[Extracted data entries]
((

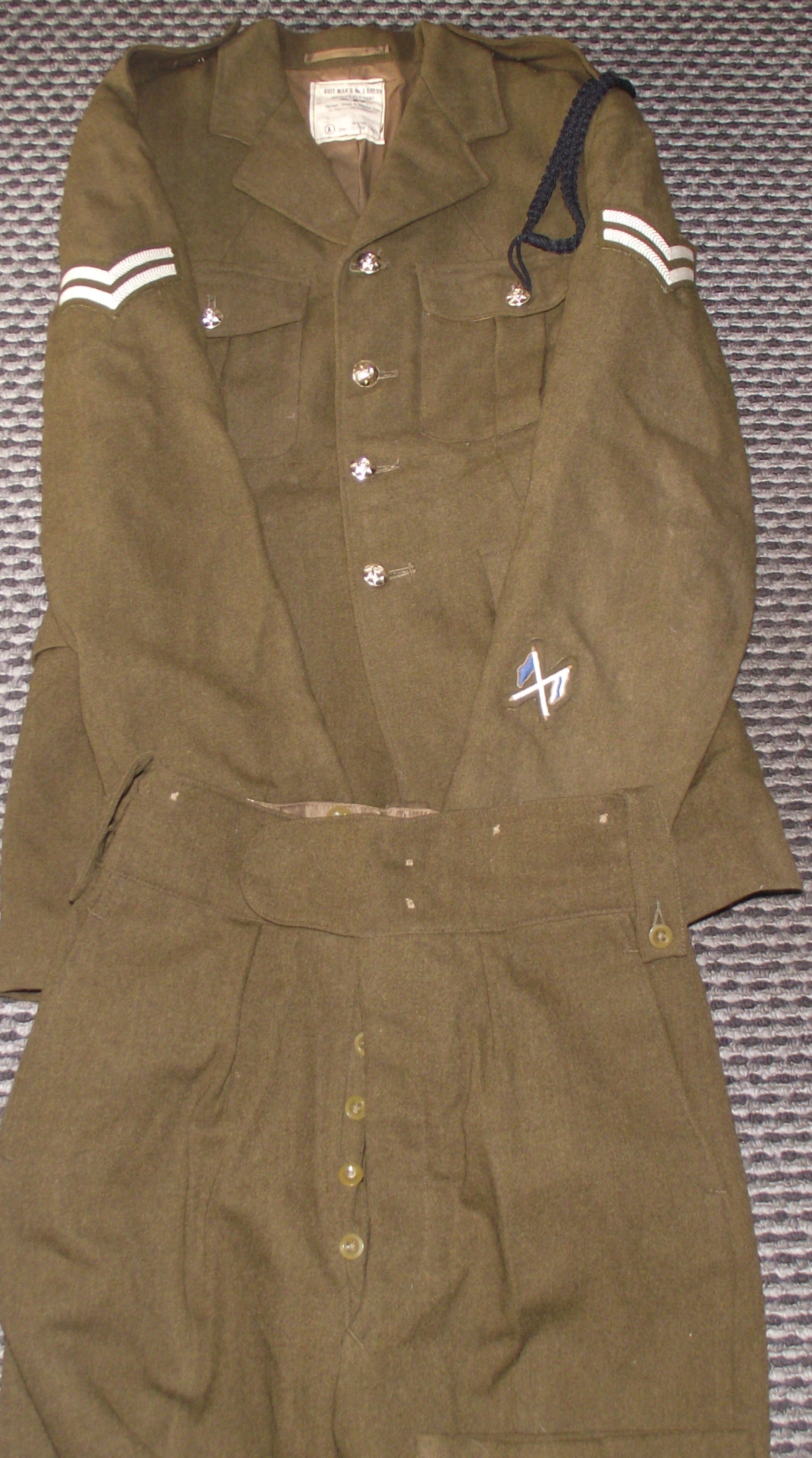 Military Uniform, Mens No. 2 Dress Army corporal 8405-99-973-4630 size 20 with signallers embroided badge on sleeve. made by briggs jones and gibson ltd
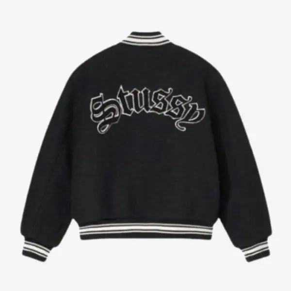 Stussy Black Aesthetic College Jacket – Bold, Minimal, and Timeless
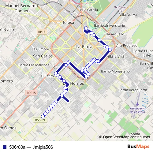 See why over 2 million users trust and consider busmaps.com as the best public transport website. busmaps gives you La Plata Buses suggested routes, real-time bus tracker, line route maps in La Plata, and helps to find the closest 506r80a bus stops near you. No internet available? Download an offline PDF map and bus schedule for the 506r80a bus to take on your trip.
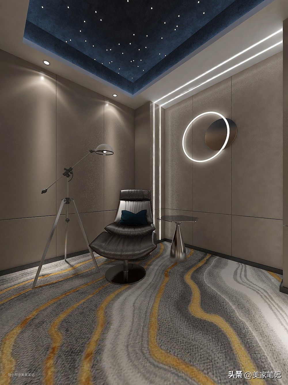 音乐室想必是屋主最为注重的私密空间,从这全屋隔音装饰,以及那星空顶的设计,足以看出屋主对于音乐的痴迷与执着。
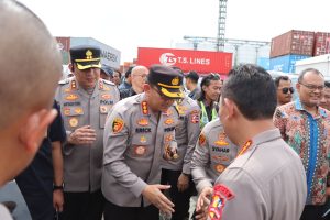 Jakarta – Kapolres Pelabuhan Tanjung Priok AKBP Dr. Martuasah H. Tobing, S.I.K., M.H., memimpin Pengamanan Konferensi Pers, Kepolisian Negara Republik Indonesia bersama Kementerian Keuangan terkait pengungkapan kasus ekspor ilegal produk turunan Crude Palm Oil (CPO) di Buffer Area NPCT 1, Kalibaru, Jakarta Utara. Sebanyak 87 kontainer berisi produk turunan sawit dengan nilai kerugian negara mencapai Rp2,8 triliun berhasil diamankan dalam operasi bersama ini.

))

> **Task to complete**:
Only the lines from the start of the records to the line with "音乐室想必是屋主最为注重的私" belong in the copy. Print them exactly, minus pictures.

> **Task answer**:
 Military Uniform, Mens No. 2 Dress Army corporal 8405-99-973-4630 size 20 with signallers embroided badge on sleeve. made by briggs jones and gibson ltd
 Stussy Black Aesthetic College Jacket – Bold, Minimal, and Timeless
 See why over 2 million users trust and consider busmaps.com as the best public transport website. busmaps gives you La Plata Buses suggested routes, real-time bus tracker, line route maps in La Plata, and helps to find the closest 506r80a bus stops near you. No internet available? Download an offline PDF map and bus schedule for the 506r80a bus to take on your trip.
 音乐室想必是屋主最为注重的私密空间,从这全屋隔音装饰,以及那星空顶的设计,足以看出屋主对于音乐的痴迷与执着。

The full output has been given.